Золотое дно. Книга 2 (СИ) - Страница 6
Мы молча и торопливо выпили. И Никонов, пригнувшись к столу, перешел на шепот.
— Я о другом хотел спросить. Если честно, Лев Николаевич, как тут положеньице-то?! Валера не зря семью в Москву перевез. Пока всех мандолиной не накрыло. Он, конечно, уверяет… но в вертолете я с одним инженеришкой переговорил… мне в ухо такое накричали…
— Что имеешь в виду? — несколько высокомерно спросил Хрустов.
— Вот сидим мы тут, ниже уровня нашего моря, — и как будто, йотыть, на пороховой бочке. Что скажешь? Не покатится наша «мама», как на салазках? Жара была, говорят, все лето зверская, Саяны тают… а еще дождь…
— Бред! — отрезал Хрустов. — Нарочно пугают, чтобы народ снялся с места, перестал митинговать. Гора треснет, а плотина не сойдет с места. И я тоже!
— Слава Богу! — Никонов перекрестился. — Так вот, давай все вместе на ее фоне и снимемся. Для всероссийского, мля, телевидения. Так сказать, на историческую память.
Хрустов, словно озябнув, передернул плечами.

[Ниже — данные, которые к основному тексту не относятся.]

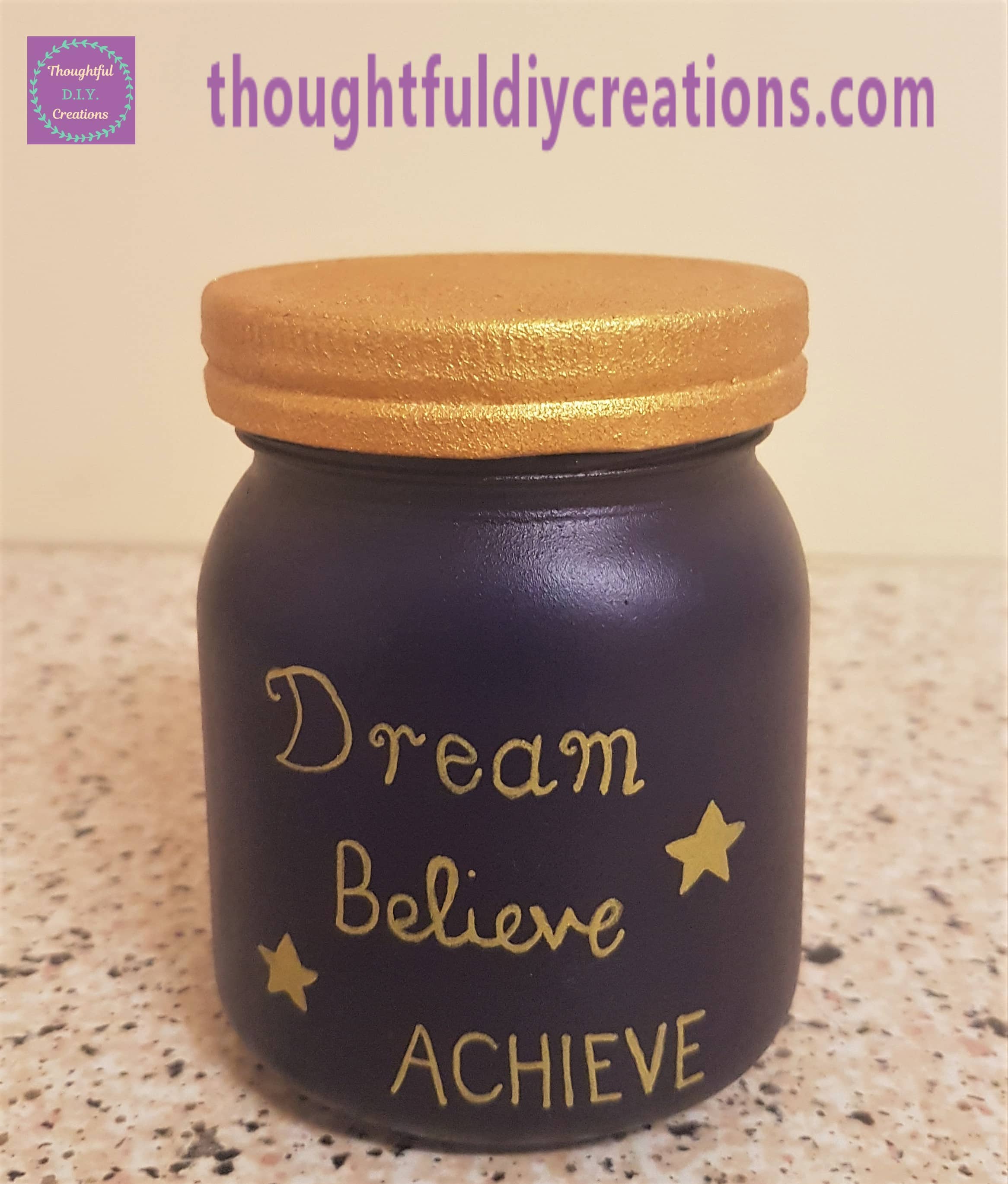 I am delighted with my Re-Purposed Jar with Up-Lifting Quote. I love the combination of the blue/navy with the Gold. I really like the size of the Jar as it’s not too big or small. It can be displayed on a Bedside Locker, Shelf, or on a Table without taking up too much space.

— Опять для музеев? — Он пристально смотрел на гостя. Я думаю, до него, наконец, дошло, что Никонов залетел в Саяны, конечно же, не к нему, Хрустову, и не за рабочими, а для создания фильма о себе, орденоносце.
За окном с гулом двигался ливень. Сопок было не разглядеть, только лиловые горбы, и они как будто перемещались. Никонов снова глянул на часы (это у него привычка или кого-то ждет?), и старые друзья, не чокаясь (чтобы не было звона), отпили еще настойки, после чего Хрустов мгновенно долил минеральной воды в ополовиненную бутылку «кедровки». А поскольку перестарался — почти под горлышко смесь поднялась — пришлось старым корешам, хмыкнув, еще отпить…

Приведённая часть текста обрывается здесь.